■ DATA FOR THE TASK ■
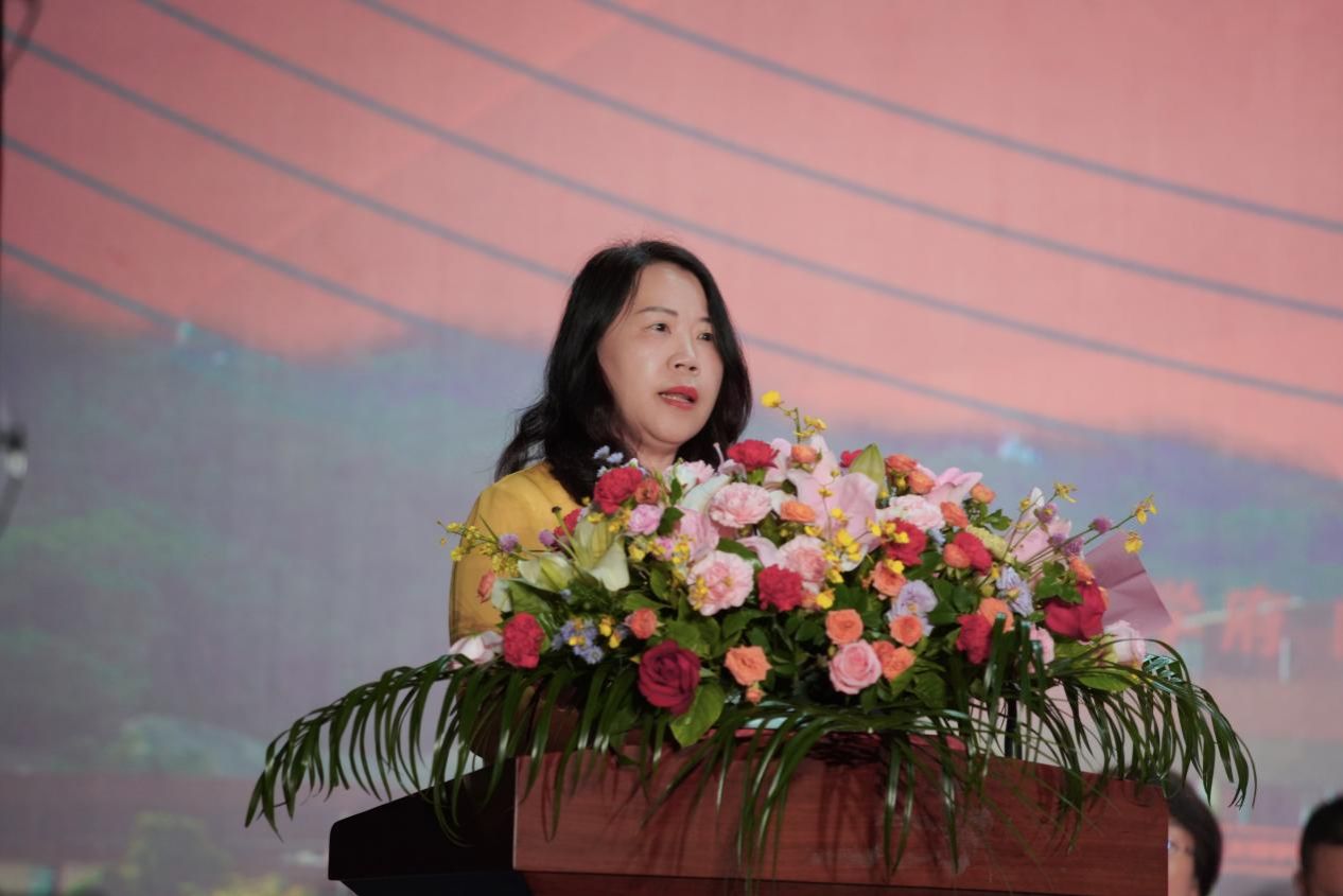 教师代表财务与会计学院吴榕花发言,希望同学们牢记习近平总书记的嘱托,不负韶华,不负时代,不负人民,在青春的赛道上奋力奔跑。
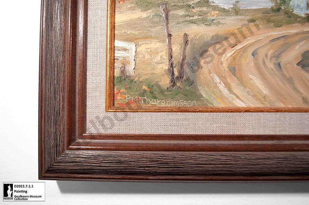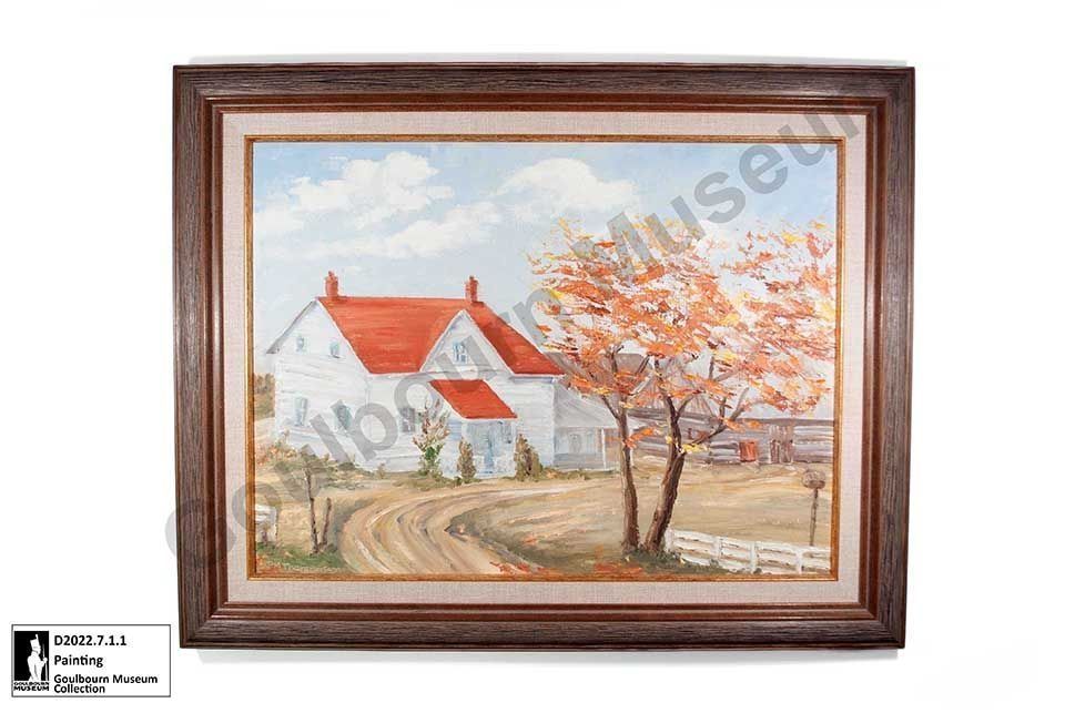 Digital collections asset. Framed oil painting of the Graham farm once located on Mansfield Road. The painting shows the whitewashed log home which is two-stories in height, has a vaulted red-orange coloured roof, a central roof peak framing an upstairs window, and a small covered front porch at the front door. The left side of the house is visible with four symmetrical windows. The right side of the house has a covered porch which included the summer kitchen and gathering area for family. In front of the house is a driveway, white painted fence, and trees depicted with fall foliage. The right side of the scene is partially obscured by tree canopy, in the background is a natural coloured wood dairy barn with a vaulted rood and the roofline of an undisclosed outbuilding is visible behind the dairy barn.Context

==

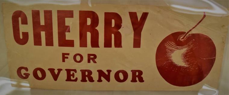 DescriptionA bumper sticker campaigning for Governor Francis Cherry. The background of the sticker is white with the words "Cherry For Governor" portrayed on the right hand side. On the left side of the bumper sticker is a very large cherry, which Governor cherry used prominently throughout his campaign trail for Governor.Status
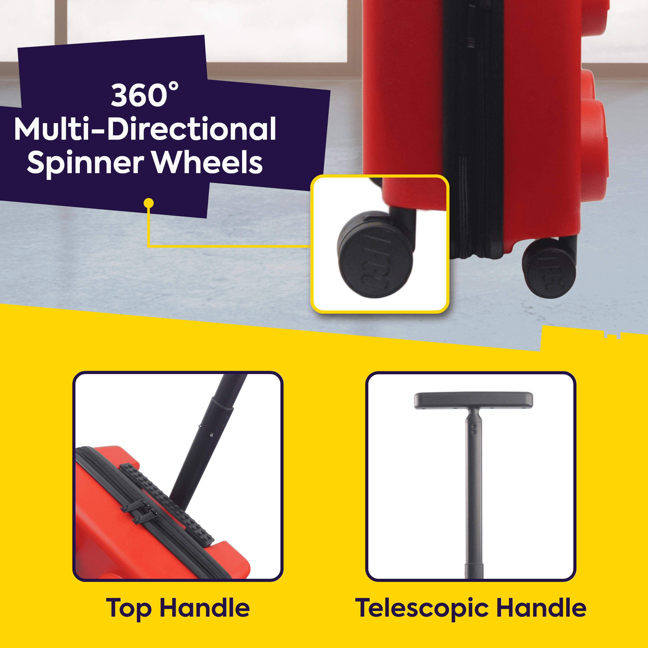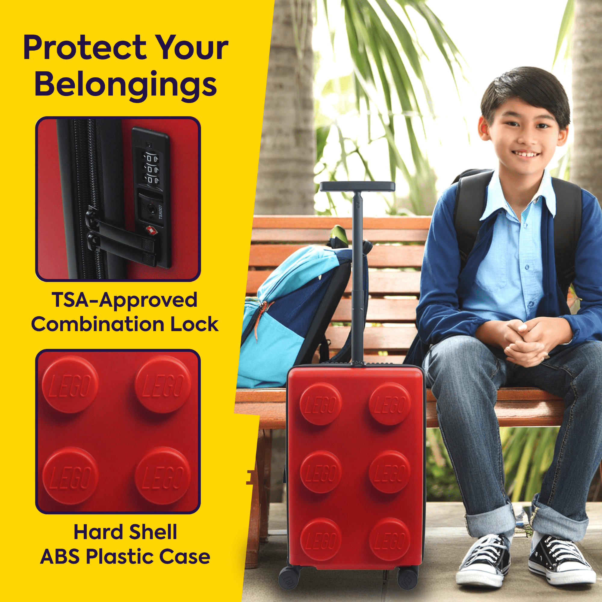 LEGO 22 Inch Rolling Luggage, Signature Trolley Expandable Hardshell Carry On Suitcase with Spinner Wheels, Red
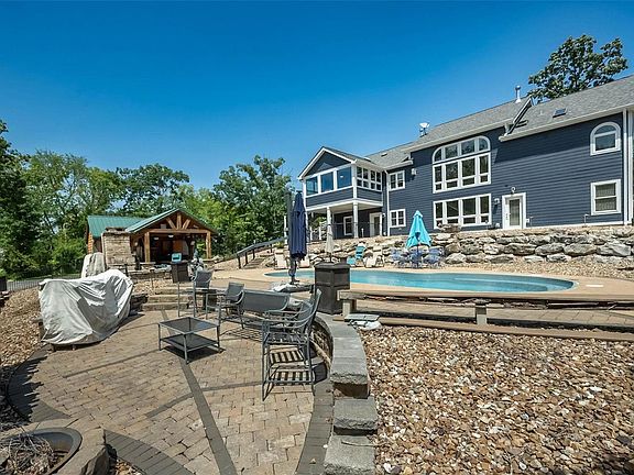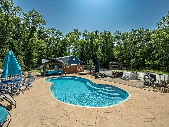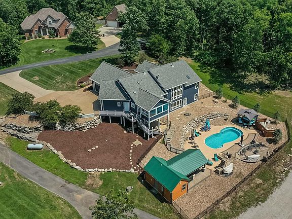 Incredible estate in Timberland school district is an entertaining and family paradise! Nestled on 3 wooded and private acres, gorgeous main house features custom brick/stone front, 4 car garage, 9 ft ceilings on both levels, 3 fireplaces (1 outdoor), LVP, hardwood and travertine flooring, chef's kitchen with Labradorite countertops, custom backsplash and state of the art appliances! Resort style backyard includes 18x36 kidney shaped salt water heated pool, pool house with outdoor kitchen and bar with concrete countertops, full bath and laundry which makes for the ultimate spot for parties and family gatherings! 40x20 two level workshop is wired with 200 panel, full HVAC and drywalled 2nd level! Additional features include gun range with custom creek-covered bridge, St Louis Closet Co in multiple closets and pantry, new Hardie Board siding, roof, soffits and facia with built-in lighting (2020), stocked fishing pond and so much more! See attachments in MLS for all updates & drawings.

■ WHAT IS BEING ASKED ■
Exactly as written above, retype the lines starting at the one holding "DescriptionA bumper sticker" and ending at the one holding "LEGO 22 Inch", both included, but not the pictures.

■ RESULT FOR THIS TASK ■
 DescriptionA bumper sticker campaigning for Governor Francis Cherry. The background of the sticker is white with the words "Cherry For Governor" portrayed on the right hand side. On the left side of the bumper sticker is a very large cherry, which Governor cherry used prominently throughout his campaign trail for Governor.Status
 LEGO 22 Inch Rolling Luggage, Signature Trolley Expandable Hardshell Carry On Suitcase with Spinner Wheels, Red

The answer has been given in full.